• Aim of the task
Only one stretch of the data below should be repeated: the lines from the line containing "日本 Lupilien - [人氣款]鮮明印象毛絨雙面保暖夾克外套-豹紋-象牙" through the line containing "These adorably cute", inclusive, exactly as they are.

• Task material
━━━━━━━━━━━━━━━━
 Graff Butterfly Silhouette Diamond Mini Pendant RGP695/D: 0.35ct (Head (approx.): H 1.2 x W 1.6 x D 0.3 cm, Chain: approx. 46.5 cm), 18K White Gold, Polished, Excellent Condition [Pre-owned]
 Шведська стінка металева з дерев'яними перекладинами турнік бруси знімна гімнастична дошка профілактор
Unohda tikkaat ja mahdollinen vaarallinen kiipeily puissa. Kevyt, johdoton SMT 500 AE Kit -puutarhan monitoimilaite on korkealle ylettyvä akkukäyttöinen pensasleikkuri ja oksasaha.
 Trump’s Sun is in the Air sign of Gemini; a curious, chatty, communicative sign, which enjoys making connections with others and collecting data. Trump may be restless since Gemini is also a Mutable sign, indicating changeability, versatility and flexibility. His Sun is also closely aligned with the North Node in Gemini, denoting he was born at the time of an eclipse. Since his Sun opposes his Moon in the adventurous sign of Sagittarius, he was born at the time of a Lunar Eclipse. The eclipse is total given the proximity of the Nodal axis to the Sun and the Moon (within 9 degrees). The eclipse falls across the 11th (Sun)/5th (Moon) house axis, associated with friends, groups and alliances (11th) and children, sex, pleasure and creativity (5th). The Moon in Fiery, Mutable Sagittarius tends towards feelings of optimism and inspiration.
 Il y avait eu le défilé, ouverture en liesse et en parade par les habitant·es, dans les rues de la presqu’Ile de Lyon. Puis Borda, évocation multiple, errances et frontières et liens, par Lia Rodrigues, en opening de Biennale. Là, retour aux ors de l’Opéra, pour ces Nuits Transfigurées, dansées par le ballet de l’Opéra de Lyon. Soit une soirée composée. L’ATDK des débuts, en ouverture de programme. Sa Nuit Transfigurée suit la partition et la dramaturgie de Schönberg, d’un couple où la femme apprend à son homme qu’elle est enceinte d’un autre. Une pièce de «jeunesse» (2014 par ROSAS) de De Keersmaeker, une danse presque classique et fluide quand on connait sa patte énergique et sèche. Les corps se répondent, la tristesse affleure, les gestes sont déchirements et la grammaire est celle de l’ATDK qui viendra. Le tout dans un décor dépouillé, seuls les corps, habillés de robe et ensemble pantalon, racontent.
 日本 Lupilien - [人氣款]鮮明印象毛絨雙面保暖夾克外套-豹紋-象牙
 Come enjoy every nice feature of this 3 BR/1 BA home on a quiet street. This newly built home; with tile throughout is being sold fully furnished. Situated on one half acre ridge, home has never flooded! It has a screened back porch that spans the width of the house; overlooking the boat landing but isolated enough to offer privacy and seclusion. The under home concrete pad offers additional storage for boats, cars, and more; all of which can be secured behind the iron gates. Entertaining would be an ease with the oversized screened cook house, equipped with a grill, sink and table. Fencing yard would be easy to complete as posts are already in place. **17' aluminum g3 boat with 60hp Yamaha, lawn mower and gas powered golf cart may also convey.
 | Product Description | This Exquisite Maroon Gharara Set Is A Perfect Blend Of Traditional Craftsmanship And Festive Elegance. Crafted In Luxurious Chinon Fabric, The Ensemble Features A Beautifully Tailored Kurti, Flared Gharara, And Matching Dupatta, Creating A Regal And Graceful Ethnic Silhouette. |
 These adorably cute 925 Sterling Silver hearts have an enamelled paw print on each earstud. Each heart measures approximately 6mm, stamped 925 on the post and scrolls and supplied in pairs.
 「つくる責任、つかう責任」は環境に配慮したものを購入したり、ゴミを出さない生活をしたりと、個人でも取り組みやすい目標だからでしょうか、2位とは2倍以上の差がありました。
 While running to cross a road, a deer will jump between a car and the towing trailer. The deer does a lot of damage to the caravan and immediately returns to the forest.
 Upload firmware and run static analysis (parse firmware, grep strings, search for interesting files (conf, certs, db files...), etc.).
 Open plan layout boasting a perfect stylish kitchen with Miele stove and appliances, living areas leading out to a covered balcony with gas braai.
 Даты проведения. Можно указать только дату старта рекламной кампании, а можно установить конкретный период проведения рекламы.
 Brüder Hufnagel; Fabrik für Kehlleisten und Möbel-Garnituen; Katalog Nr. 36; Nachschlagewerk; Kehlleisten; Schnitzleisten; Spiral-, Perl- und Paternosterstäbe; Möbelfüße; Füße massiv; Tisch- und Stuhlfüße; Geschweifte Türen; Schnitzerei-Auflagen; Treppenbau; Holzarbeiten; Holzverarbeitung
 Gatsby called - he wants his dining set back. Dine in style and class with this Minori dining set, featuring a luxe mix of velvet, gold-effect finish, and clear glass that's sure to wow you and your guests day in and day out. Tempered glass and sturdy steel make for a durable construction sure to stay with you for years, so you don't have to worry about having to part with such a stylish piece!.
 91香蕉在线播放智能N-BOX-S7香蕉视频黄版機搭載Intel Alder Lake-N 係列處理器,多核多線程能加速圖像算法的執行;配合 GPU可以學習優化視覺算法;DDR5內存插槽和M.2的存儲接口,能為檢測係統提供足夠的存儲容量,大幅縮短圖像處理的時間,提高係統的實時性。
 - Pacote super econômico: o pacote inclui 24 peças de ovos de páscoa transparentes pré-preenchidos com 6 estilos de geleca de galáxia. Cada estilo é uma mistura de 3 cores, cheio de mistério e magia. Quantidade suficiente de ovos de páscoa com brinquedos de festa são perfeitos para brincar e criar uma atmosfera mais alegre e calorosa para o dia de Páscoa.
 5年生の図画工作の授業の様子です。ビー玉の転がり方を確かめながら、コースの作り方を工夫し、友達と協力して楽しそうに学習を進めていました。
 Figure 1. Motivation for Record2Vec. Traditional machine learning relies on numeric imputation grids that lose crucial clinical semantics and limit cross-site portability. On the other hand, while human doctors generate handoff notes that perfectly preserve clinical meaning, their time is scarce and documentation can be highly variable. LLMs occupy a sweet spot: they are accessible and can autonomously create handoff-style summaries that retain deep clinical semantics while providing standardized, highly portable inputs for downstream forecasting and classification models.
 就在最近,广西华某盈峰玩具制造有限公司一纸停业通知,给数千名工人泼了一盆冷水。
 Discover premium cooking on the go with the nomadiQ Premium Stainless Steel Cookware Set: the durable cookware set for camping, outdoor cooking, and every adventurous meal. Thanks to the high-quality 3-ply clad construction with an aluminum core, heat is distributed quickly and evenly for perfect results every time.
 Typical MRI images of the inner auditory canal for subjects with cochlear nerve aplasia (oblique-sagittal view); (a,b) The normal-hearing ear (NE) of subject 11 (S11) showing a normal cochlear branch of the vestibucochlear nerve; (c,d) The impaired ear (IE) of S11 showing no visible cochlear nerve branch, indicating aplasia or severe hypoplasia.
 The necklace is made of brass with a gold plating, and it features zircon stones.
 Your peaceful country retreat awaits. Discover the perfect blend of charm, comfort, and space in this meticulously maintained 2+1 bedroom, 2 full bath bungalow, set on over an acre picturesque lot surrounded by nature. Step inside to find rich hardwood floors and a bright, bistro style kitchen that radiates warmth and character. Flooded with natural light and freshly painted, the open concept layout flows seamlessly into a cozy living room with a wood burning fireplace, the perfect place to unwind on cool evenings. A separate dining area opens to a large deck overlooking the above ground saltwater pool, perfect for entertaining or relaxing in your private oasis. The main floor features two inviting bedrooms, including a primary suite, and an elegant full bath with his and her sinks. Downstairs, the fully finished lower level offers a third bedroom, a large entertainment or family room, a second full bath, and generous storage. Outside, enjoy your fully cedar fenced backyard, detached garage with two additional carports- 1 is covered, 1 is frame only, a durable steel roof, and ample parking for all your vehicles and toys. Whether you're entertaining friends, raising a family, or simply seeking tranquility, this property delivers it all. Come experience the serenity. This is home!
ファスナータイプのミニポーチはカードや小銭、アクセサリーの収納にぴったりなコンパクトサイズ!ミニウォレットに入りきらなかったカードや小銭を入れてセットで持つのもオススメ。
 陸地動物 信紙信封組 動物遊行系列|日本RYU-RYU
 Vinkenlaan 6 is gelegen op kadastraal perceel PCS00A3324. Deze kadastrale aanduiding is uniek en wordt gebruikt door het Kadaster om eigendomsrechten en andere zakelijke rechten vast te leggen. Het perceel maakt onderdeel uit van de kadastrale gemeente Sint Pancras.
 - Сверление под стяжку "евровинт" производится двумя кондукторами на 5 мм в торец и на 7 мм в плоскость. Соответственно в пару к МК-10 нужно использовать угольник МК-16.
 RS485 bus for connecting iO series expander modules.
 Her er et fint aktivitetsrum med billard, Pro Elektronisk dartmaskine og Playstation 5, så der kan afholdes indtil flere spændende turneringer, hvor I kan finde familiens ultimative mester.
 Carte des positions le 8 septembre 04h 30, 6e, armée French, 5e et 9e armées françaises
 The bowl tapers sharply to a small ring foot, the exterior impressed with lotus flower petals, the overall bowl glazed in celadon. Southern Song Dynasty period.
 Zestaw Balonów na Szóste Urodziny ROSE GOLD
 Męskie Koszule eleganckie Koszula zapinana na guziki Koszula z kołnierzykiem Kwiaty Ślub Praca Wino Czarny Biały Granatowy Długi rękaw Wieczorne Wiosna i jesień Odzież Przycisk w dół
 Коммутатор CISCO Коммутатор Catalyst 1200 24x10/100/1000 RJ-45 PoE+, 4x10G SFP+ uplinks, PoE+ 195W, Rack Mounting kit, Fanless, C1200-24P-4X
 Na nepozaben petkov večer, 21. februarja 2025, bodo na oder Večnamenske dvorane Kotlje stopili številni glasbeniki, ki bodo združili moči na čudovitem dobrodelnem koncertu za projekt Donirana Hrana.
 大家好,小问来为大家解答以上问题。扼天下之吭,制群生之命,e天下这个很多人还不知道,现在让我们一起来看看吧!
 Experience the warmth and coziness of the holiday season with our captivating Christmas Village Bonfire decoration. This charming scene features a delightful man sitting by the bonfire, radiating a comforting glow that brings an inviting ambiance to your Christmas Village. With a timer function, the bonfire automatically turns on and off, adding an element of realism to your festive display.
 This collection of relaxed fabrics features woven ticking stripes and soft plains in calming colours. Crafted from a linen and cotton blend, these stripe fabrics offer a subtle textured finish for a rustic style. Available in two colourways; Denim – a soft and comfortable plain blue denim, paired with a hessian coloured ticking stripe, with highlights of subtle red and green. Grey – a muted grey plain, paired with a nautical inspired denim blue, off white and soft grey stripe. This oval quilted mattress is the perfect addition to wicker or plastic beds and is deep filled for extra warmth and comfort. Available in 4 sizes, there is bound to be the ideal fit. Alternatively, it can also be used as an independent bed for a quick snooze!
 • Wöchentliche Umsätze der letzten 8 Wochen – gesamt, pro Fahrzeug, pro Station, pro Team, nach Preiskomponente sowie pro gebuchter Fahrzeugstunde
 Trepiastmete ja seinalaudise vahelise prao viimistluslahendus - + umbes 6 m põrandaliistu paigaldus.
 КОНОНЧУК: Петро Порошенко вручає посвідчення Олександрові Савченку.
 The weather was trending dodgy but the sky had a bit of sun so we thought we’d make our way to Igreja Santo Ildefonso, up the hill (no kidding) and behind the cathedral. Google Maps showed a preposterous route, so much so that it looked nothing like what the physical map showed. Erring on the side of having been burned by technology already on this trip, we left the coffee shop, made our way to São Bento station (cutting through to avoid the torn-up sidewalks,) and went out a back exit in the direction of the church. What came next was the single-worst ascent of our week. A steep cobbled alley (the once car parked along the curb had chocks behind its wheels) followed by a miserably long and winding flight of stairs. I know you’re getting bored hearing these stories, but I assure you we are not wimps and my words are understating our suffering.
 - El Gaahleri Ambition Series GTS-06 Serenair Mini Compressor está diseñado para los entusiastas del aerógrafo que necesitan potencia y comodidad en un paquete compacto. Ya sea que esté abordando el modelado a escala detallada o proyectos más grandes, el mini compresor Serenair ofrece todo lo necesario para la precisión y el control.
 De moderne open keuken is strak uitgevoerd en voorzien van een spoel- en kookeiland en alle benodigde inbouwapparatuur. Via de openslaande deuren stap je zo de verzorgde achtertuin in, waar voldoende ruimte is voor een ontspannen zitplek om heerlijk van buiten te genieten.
━━━━━━━━━━━━━━━━
• Finished exercise
 日本 Lupilien - [人氣款]鮮明印象毛絨雙面保暖夾克外套-豹紋-象牙
 Come enjoy every nice feature of this 3 BR/1 BA home on a quiet street. This newly built home; with tile throughout is being sold fully furnished. Situated on one half acre ridge, home has never flooded! It has a screened back porch that spans the width of the house; overlooking the boat landing but isolated enough to offer privacy and seclusion. The under home concrete pad offers additional storage for boats, cars, and more; all of which can be secured behind the iron gates. Entertaining would be an ease with the oversized screened cook house, equipped with a grill, sink and table. Fencing yard would be easy to complete as posts are already in place. **17' aluminum g3 boat with 60hp Yamaha, lawn mower and gas powered golf cart may also convey.
 | Product Description | This Exquisite Maroon Gharara Set Is A Perfect Blend Of Traditional Craftsmanship And Festive Elegance. Crafted In Luxurious Chinon Fabric, The Ensemble Features A Beautifully Tailored Kurti, Flared Gharara, And Matching Dupatta, Creating A Regal And Graceful Ethnic Silhouette. |
 These adorably cute 925 Sterling Silver hearts have an enamelled paw print on each earstud. Each heart measures approximately 6mm, stamped 925 on the post and scrolls and supplied in pairs.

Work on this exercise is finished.